更に追い討ちをかけるかのように明美の今日の私服は彼女の大人しさを象徴するかのようにギンガムチェックの上着に、白色の清楚なロングスカートであり、そんな風におどおどとした態度を取っていると、男としては気が弱くて、内気な女の子のように感じてしまう(実際には彼女はただの数字バカであり、言いたい事もバンバン言うタイプなのだが……)
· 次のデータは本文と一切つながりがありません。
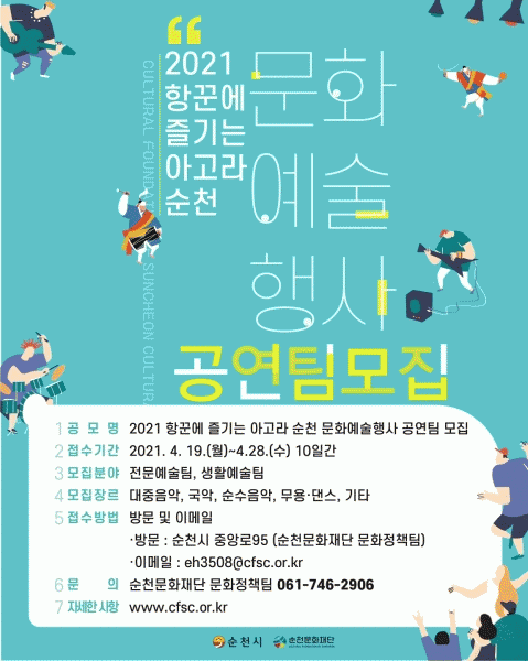 [¹Ìµð¾îÀü³² ÀüÇü¼º ±âÀÚ] ¼øÃµ¹®ÈÀç´ÜÀº Áö¿ª ¹®È¿¹¼úÀεéÀÇ È°µ¿±â¹Ý °È¿Í ½Ã¹Î ¹®È ÇâÀ¯±âȸ È®´ë¸¦ À§ÇÑ ¡®2021 Çײۿ¡ Áñ±â´Â ¾Æ°í¶ó ¼øÃµ¡¯°ø¿¬ÆÀÀ» 4¿ù 28ÀϱîÁö °ø°³ ¸ðÁýÇÑ´Ù. À̹ø °ø¿¬ÆÀ °ø¸ð´Â ¼øÃµ½Ã °ÅÁÖÀÚ·Î °ø¿¬ ¡¦

「ともかくだ。彼女を安全な場所に連れて行く必要がある。その場所は北海道なのだが……」
「問題はそこに行くまでの間にイタリアン・マフィアが追って来ないのかが心配なのよね?」
絵里子の指摘に孝太郎は頷く。
「その通りだ。今回の反社会的組織。ロンバルディア王国のボルジアは自分たちが貴族である事をいかし、その国の警官たちに捕まえられたい事をいいことに、各国で犯罪を繰り返してはいるが……」
光太郎はここで大きく息を吸ってから、手元にあった机を叩きながら言った。
「ここは日本だ!!! 奴らが貴族だろうが、何だろうが、その場で罰を受けさせてやる! 」
孝太郎のその言葉に全員から拍手をもらう。
「流石よ! 孝ちゃん! お姉ちゃん感激したわ!! 」
絵里子は特に酔っているようだ。
「姉貴落ち着いてくれよ、とにかく、コニーさんを守る必要があるんだ」
コニーは服の裾を強く握りしめていた。
「まぁ、この街に留まるんなら、ジャック・レッドニオを一時的に復活させ、護衛に加わろうかい?最も、メンバーは3人だけだけど」
真由美は苦笑しながら言った。
「いいや、明日だ。明日は私服で行く。我々が警察官だと分からんようにな」
その時だ。白籠署公安部の扉が開く音がした。
「遅れてごめん!!! 呑んでて……」
現れたのはジーンズに長袖の縞模様のシャツの聡子だった。
「分かっているけどさ、少しくらいは電話に出てくれよ、緊急の仕事なんだぜ」
孝太郎は腰に手を当てながら、頭を抱えながら、呆れるように言った。
「ともかくだ。この人を守るのが仕事だ。明日から、北海道に行く予定だからな、忘れるなよ」
「りょーかい、うん、綺麗な人じゃん」
聡子はコニーに笑いかける。コニーの方も悪い気もしなかったのか、聡子に対し、笑い返す。


「ならば、彼らは北海道に行くのは確定だと?」
「ええ、日本の警察なら、そう対処するでしょうね、北海道は安全だし」
総一郎は事務所の中でタバコの火を灰皿に押し付けながらサムの言葉に返答した。
「で、出るのはいつなんだい?」
ポーリーの質問に笑いながら答えた。
「明日の朝だろうね、朝まだ暗いうちに、出かけるつもりだろう。だが、安心してくれ、キミらには組の武闘派を付けるから」
と、総一郎は手を叩く。総一郎の手拍子に合わせて出てきたのはまるで力士のようにガッチリとした体格の男だった。
「紹介しましょう。彼の名前は富永貫太。我々組一の武闘派です。そして、あなた方には及びませんが、かなり強い魔法を使います」
貫太はまるでこの場の支配者は自分だと言わんばかりの笑みを二人に向けた。